Buah Super Tersembunyi yang Membuat Wortel Malu: Kenalan dengan Buah Gac – Ia Memiliki Beta-Karoten 10 Kali Lebih Banyak daripada Wortel

Buah Super Tersembunyi yang Membuat Wortel Malu: Kenalan dengan Buah Gac – Ia Memiliki Beta-Karoten 10 Kali Lebih Banyak daripada Wortel
The Hidden Superfruit That Puts Carrots to Shame: Meet Gac Fruit - It Has 10x More Beta-Carotene Than Carrots
Share This Post

Ketika Anda memikirkan beta-karoten, pikiran Anda mungkin langsung tertuju pada wortel. Wortel adalah contoh ikonik dari prekursor vitamin A, camilan andalan untuk kesehatan mata, dan sayuran yang ibumu bersikeras agar kamu makan “karena baik untuk mata”. Tapi bagaimana jika ada buah yang diam-diam mengalahkan wortel dalam kandungan beta-karoten—dan juga membawa dosis besar likopen, lutein, zeaxanthin, dan antioksidan lainnya ke meja?

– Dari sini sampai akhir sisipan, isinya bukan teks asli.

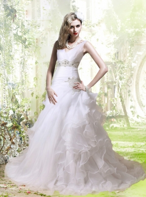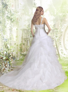 You will be the most beautiful bride in this gorgeous wedding dress. This fabulous gown features a plunging V-neckline with two wide shoulder straps. Shimmering beading decorates the waist and the right hip where all the ruffles gather. The multi-layered skirt with romantic ruffles has a small train behind. A lace up corset style closure in the back secures the dress in place.
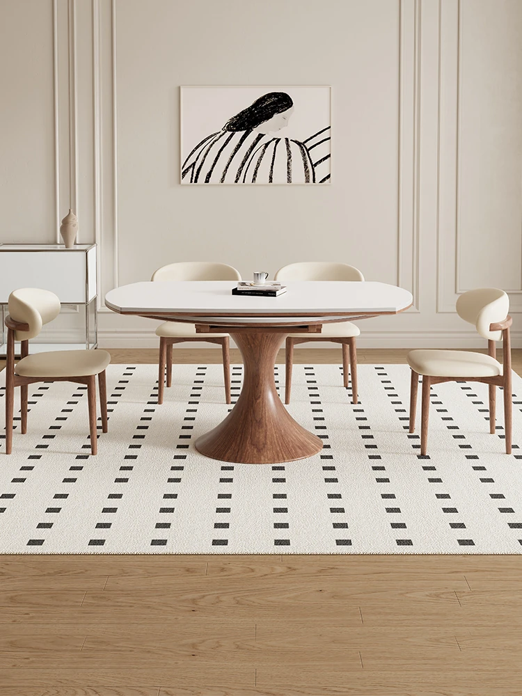 DeliFeng Black Rock Plate Dining Table – Elegant Cream Vintage Style Rectangular Table for Small Spaces, Perfect for Home Use
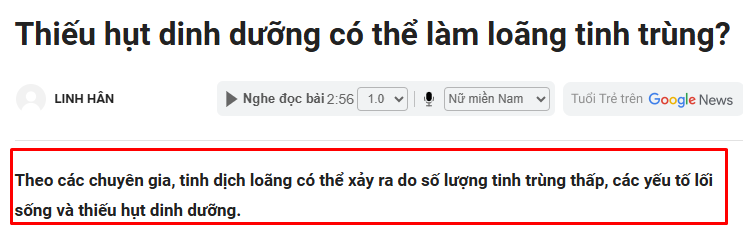 - Chế độ ăn uống thiếu kẽm, vitamin và vi chất cần thiết khiến tinh trùng yếu, ít và loãng hơn
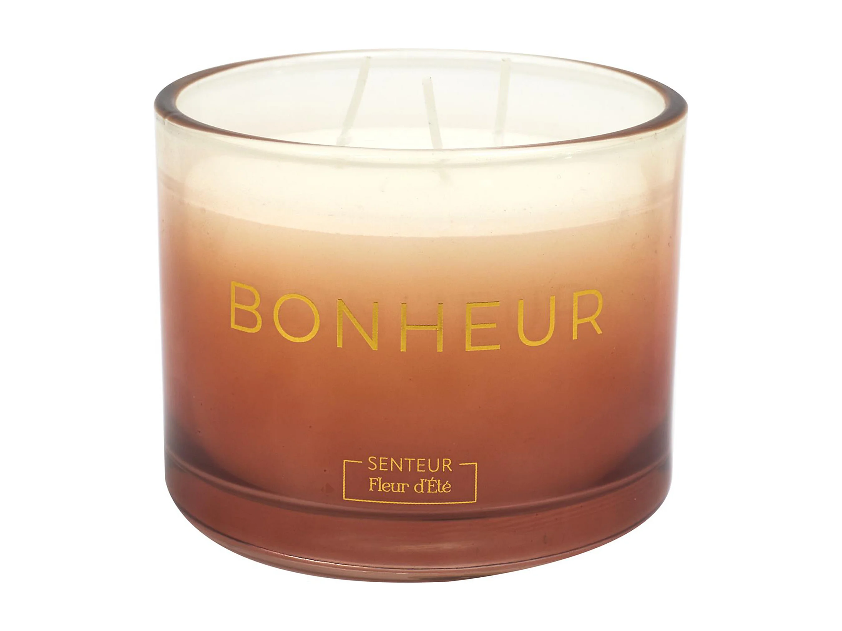 Bougie parfumée 3 mèches en coton AMOUR ET PASSION à la cire de parafine senteur fleur d'été orange
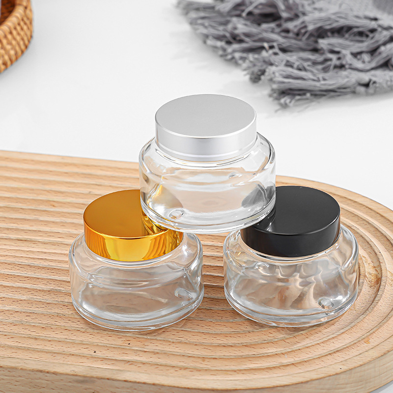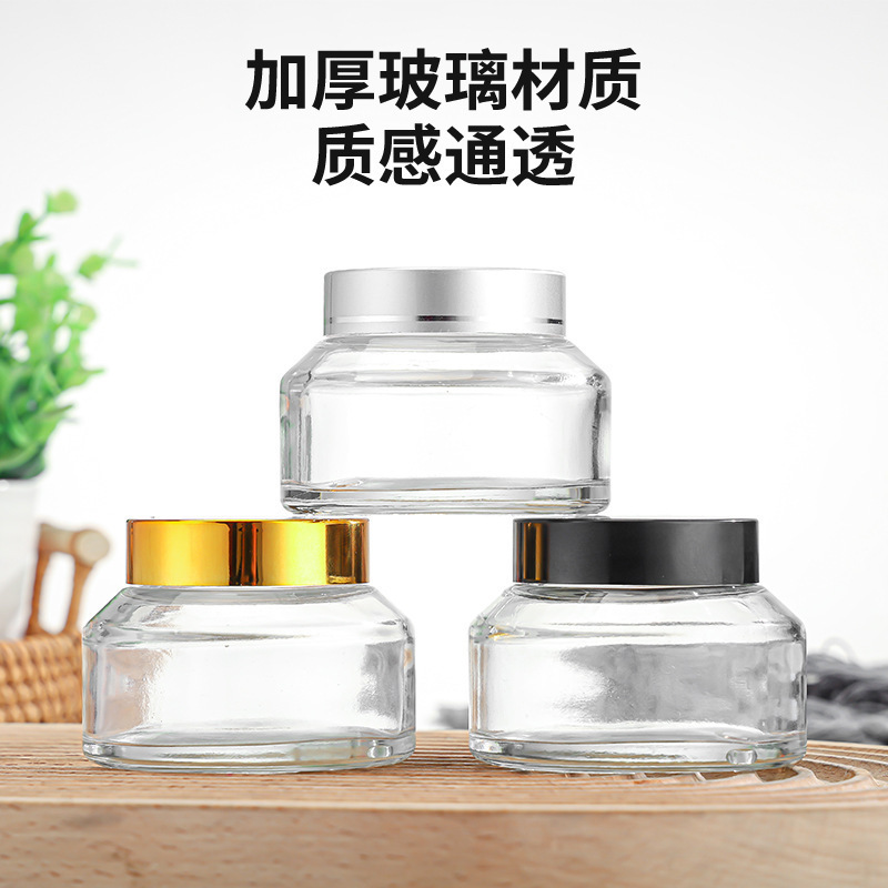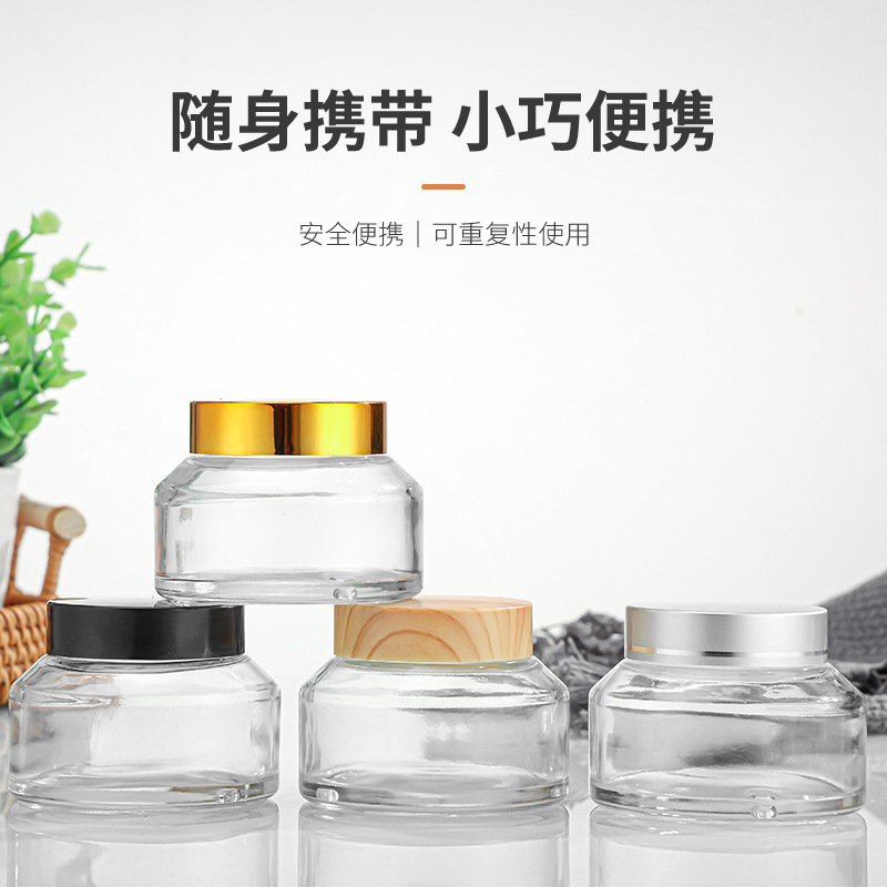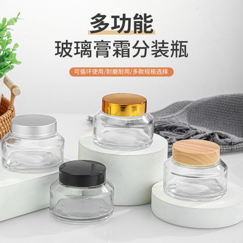 斜肩玻璃膏霜瓶100g木纹盖小样瓶金银盖面霜瓶化妆品分装瓶护肤品

Perkenalkan buah gac (Momordica cochinchinensis), buah berwarna oranye-merah cerah dengan kulit berduri yang berasal dari Asia Tenggara dan sering disebut “buah dari surga” di Vietnam. Gram per gram, aril gac (membran merah seperti jeli di sekitar biji) dilaporkan mengandung sekitar 10 kali lebih banyak beta-karoten daripada wortel dan hingga 70 kali lebih banyak likopen daripada tomat.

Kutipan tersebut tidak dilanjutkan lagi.